In August, Athleta named former Alo Yoga president Chris Blakeslee as its next CEO, and Dickson said the brand has made progress since he came on board.
“We have started the year with a much cleaner palette and have seen early success with these full-price newcomers and are encouraged by the consumer response,” said Dickson. “I really like where the team is going. We have a new drop strategy that they've been testing, there's new innovation, color is starting to make its way into stores and is responding really well.”
Here's a closer look at each brand's fourth-quarter performance:
- Old Navy: Sales rose 6% to $2.29 billion, while comparable sales rose 2%, higher than estimates of a 1% increase, StreetAccount said.
- Hole: Sales fell 5% to $1.01 billion, pressured by the sale of the brand's Chinese operations, while comparable sales rose 4%, well above estimates of a 1.3% decline, according to StreetAccount. The brand saw strength in the women's category.
- Banana Republic: Revenue fell 2% to $567 million, down 2%, while comparable sales fell 4%, better than the 6.7% decline analysts expected, according to StreetAccount. The company noted that Banana has made progress in “elevating the aesthetic,” but that the brand's recovery “will take time and there is work to be done to better execute many of the core principles.”

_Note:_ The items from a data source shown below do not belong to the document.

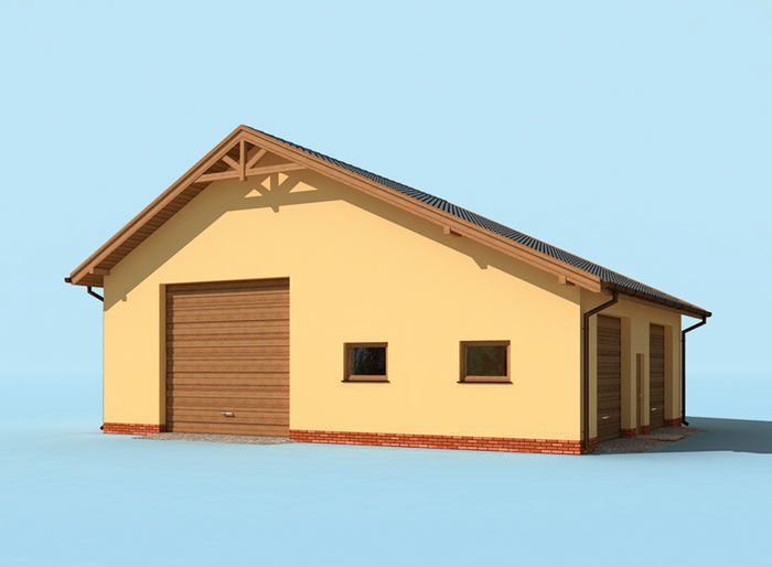Technologia tradycyjna. Ściany zewnętrzne nośne murowane grubości 25 cm. Wszystkie ściany wykonane z pustaków ceramicznych. Więźba dachowa drewniana. Pokrycie dachu dachówka ceramiczna. Wymiary bram garażowych 2x 4,2x4,0 m i 2x 3,0x3,0 m.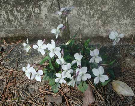 3月28日に、菫色のスミレの一家を話題にした。それから20日ほどしか経っていないものの、もうソメイヨシノも葉桜になり、春が当たり前となってしまった。 今日は白いスミレの一家。これも2,3年前に知り合った。その時は1/3くらいの家族数だったと思うが、いまはこの長い行列。自転車でも、気をつけないと見落とすぐらいだから、いつまでもご安泰でしょう。 スミレの名前を決めるのは容易でない。そういうことは抜きにして、密かに楽しむことにしている。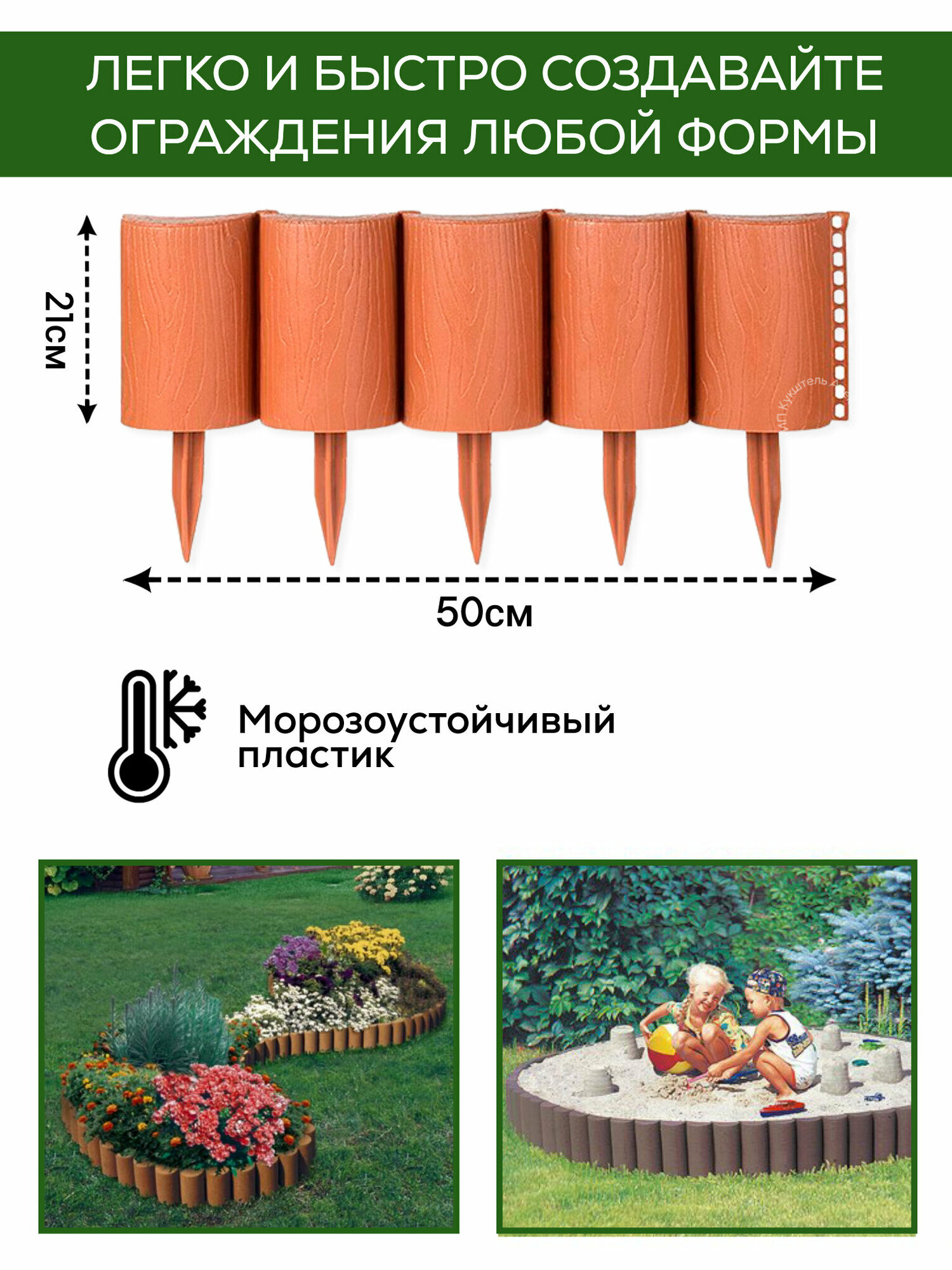 Ограждение "Садовый конструктор" 3 м. (коричневый), высота 21см / бордюр для сада / заборчик для клумб, грядок, огорода

- Athlete: Sales fell 4% to $419 million, while comparable sales fell as much as 10%. Gap noted that Athleta's performance improved compared to the previous quarter, but said sales are sluggish as the brand looks to hold the line on pricing and break a previous period of high markdowns.
Correction: This story has been updated to correct the spelling of fashion designer Zac Posen's name.